Directions: Reproduce exactly, from the data that follows, the line with "德马尔·德罗赞是一位备受瞩目", the line with "안녕하세요.당뇨 관리를 하는", and every line that lies between them.

Excerpted data:

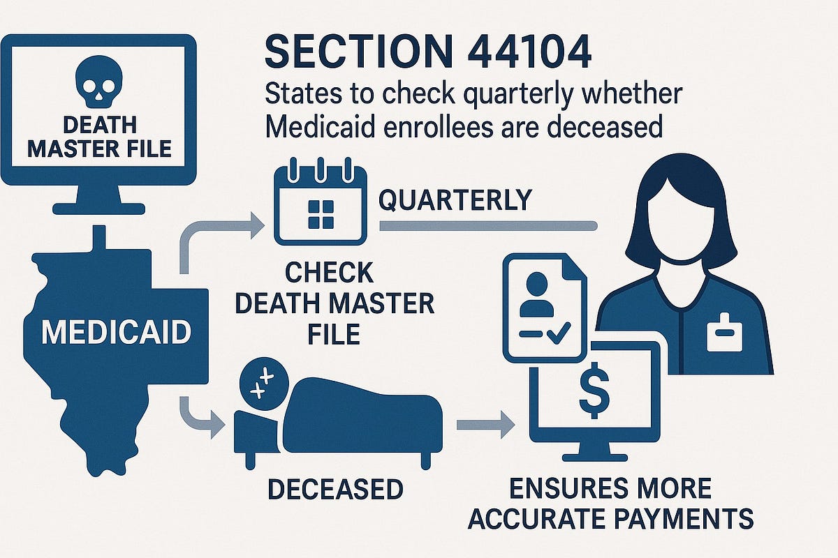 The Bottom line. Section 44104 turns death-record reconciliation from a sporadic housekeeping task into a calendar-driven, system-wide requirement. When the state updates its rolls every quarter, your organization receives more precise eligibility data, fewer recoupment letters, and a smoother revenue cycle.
* * *
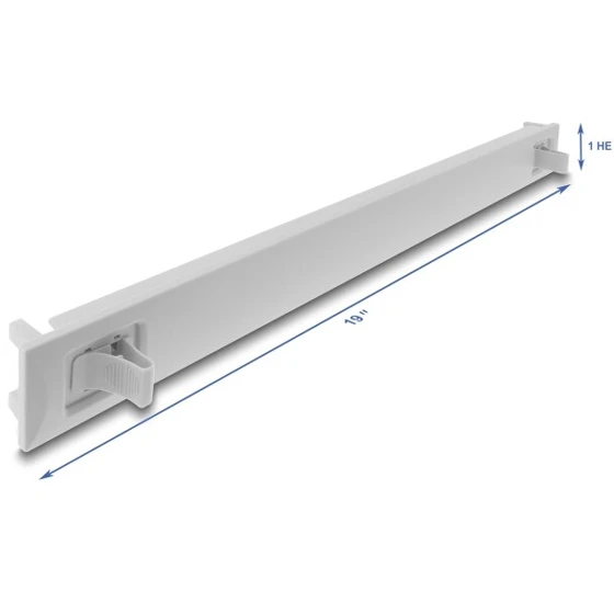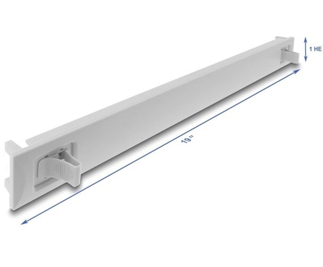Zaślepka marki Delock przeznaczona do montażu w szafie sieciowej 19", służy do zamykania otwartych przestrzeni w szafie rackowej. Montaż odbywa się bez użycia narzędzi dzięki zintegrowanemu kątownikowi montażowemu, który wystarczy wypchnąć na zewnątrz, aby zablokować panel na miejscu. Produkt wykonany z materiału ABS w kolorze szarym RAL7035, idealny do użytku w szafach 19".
...
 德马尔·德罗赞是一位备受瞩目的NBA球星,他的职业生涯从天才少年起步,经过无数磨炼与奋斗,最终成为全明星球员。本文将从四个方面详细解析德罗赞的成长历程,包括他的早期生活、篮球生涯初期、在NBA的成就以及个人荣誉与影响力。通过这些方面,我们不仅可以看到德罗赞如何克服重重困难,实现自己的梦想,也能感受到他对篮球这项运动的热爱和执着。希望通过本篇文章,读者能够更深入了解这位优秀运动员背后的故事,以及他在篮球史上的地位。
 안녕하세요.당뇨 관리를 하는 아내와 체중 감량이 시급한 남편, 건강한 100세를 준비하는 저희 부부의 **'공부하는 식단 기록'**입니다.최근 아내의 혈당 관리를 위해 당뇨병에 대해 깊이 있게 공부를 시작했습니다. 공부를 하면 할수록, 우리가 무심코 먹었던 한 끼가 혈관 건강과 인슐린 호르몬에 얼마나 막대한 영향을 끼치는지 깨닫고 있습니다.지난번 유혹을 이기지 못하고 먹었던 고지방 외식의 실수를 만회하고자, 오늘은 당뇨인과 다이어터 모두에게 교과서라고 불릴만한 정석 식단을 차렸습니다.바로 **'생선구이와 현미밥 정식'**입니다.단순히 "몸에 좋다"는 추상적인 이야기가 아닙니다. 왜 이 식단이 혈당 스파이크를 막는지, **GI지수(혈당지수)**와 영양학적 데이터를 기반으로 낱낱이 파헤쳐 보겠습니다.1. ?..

Finished task:
 德马尔·德罗赞是一位备受瞩目的NBA球星,他的职业生涯从天才少年起步,经过无数磨炼与奋斗,最终成为全明星球员。本文将从四个方面详细解析德罗赞的成长历程,包括他的早期生活、篮球生涯初期、在NBA的成就以及个人荣誉与影响力。通过这些方面,我们不仅可以看到德罗赞如何克服重重困难,实现自己的梦想,也能感受到他对篮球这项运动的热爱和执着。希望通过本篇文章,读者能够更深入了解这位优秀运动员背后的故事,以及他在篮球史上的地位。
 안녕하세요.당뇨 관리를 하는 아내와 체중 감량이 시급한 남편, 건강한 100세를 준비하는 저희 부부의 **'공부하는 식단 기록'**입니다.최근 아내의 혈당 관리를 위해 당뇨병에 대해 깊이 있게 공부를 시작했습니다. 공부를 하면 할수록, 우리가 무심코 먹었던 한 끼가 혈관 건강과 인슐린 호르몬에 얼마나 막대한 영향을 끼치는지 깨닫고 있습니다.지난번 유혹을 이기지 못하고 먹었던 고지방 외식의 실수를 만회하고자, 오늘은 당뇨인과 다이어터 모두에게 교과서라고 불릴만한 정석 식단을 차렸습니다.바로 **'생선구이와 현미밥 정식'**입니다.단순히 "몸에 좋다"는 추상적인 이야기가 아닙니다. 왜 이 식단이 혈당 스파이크를 막는지, **GI지수(혈당지수)**와 영양학적 데이터를 기반으로 낱낱이 파헤쳐 보겠습니다.1. ?..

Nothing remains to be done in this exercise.